This is an excerpt from Please Like Me, BuzzFeed News’ newsletter about how influencers are battling for your attention. You can sign up here.
Ally Love is a Peloton instructor who has turned her platform as one of the workout company’s most well-known faces into a truly impressive business and social media empire.
Not only does Ally have more than 750,000 Instagram followers on her personal account, but she also has more than 76,000 on her Instagram account for Love Squad, her fan community turned business venture. On the squad’s website, you can buy branded merch (a limited-edition crop tee runs $68, but a tank is only $32) and sign up for webinars. Ally also has some high-profile side hustles, like serving as a host for the Brooklyn Nets and as a global ambassador for Adidas.
If you’ve ever wondered how Ally got so popular, she showed the world how this week. The secret? Ally is really, really, good at personal branding and content creation. She executed a truly epic Instagram event: her five-day wedding extravaganza in Mexico.
Ally crafted her social media strategy for her wedding flawlessly. On July 22, she hosted a “wedding celebration ride” on Peloton. She wore a “bride” T-shirt and rode to a playlist made up of songs submitted by her followers, to which they had either danced or walked down the aisle at their own weddings. By making her Peloton riders feel as if they were part of the celebration of her big day, Ally subtly drew them into her inner circle, creating a parasocial relationship with her community that the best influencers have mastered (more than 75,000 people have taken the wedding Peloton class so far).
Even if you weren’t a member of the #LoveSquad before, if you’re anything like me and you took the ride, you’d probably be curious enough to follow Ally on Instagram before the big day(s). But right before her wedding week, Ally did another brilliant move: She went private on Instagram, so you HAD to follow her in order to watch.
“Taking it all in with my friends, family, and community 🧡,” Ally wrote. “Reminder that I will be going PRIVATE on IG 🤫 to make this time to remember extra special to those who have supported me and is a part of my community!!”
Some people may assume I am shading Ally by saying she went private as a business strategy rather than to exclusively provide content to her community, as she claims. But I’m not at all, and I think her motivations were probably both. I also think influencers often get shamed for doing things that make business sense when there’s nothing wrong with them. By providing her followers with an exclusive experience, Ally gets to reward them for their loyalty and continue cultivating that parasocial relationship.
Finally, this week, Ally pulled her smartest move yet. She had all her Peloton coworkers who attended (all influencers and celebs in their own right) wait to post content from her wedding at the same time. After getting married, reportedly on July 31, Ally went back to a public account and began posting her wedding content on what appears to be a schedule. For example, one night was Carnival-themed, and each instructor in attendance posted their pics from the night around the same time (some also included more pics from the other nights of the wedding as well).
Watching Peloton instructors all post about the same thing at the same time is kind of like watching the Avengers assemble. It made the entire viewing experience like a game. Each instructor had their own perspectives of the event, their pictures and videos, and, of course, their lewks.
By crafting her content and her friends’ content, in this way, Ally turned her wedding week into an entire Instagram event. If you’re a fan of the Peloton gang, you can spend an hour going down the rabbit hole of who wore what, who got invited, who didn’t get invited (and is that shade in the comments?). When discussing the wedding with my husband, he said the rollout reminded him of another master class in social media content: Taylor Swift’s star-studded 4th of July parties.

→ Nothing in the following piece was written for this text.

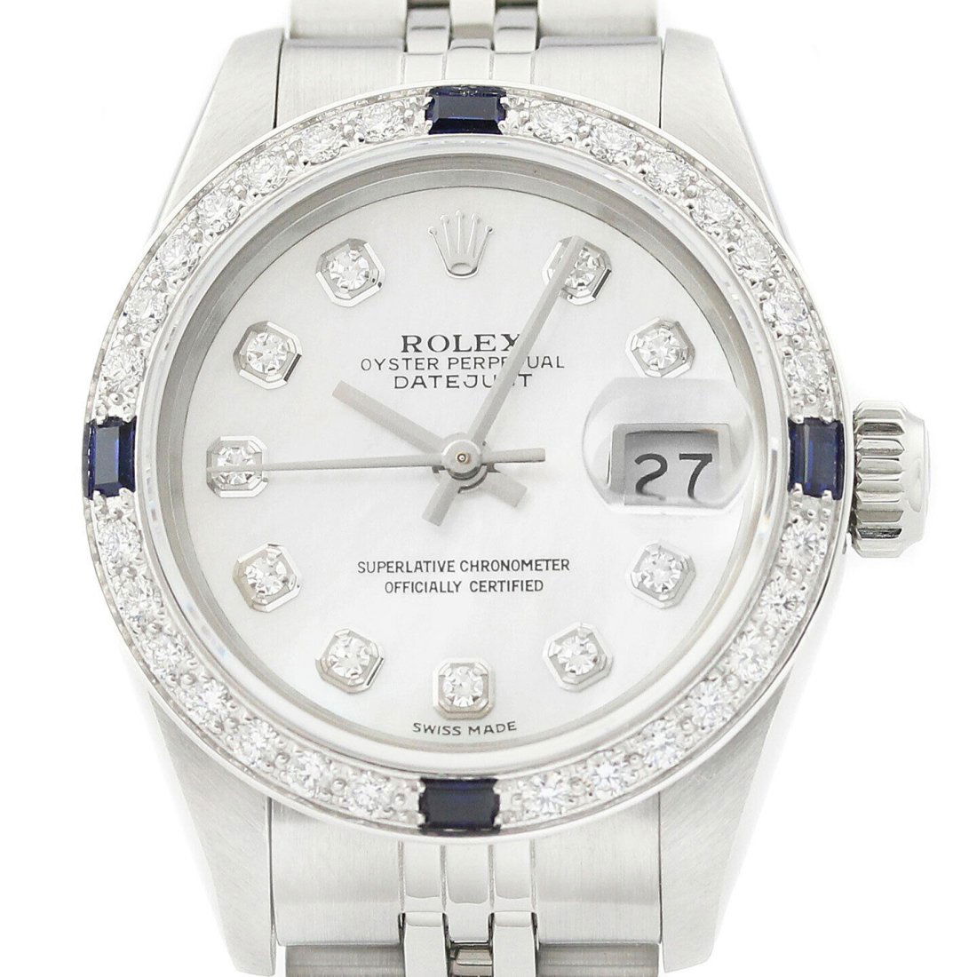 Rolex Ladies Datejust 69174 18K Gold & SS Mother of Pearl Diamond Sapphire Watch

Some people may snark on caring about workout instructors or a stranger’s wedding, but I think it’s fun! It’s taking something mundane in life, like working out on a spin bike, and turning the experience into an entire character-driven event on multiple platforms. How many media companies would kill for that? Peloton’s brand loyalty is unmatched, and tons of people are talking about it.
I’m sure others will say how awful it is that Ally turned a special life event into content, that she’s too calculated, blah blah blah. To them I say, welcome to content creation. The industry has been around forever, and it is here to stay. Ally has mastered how to grow a community around herself and have a ton of money and success. It may not be for you, but you can’t argue it isn’t working for her.
Plus, Ally is doing a great job at one thing: keeping her actual relationship private. Her husband isn’t even tagged in the posts, and he seems to live a normal life out of the spotlight. Fame, fortune, and keeping her personal life private? We stan a content queen.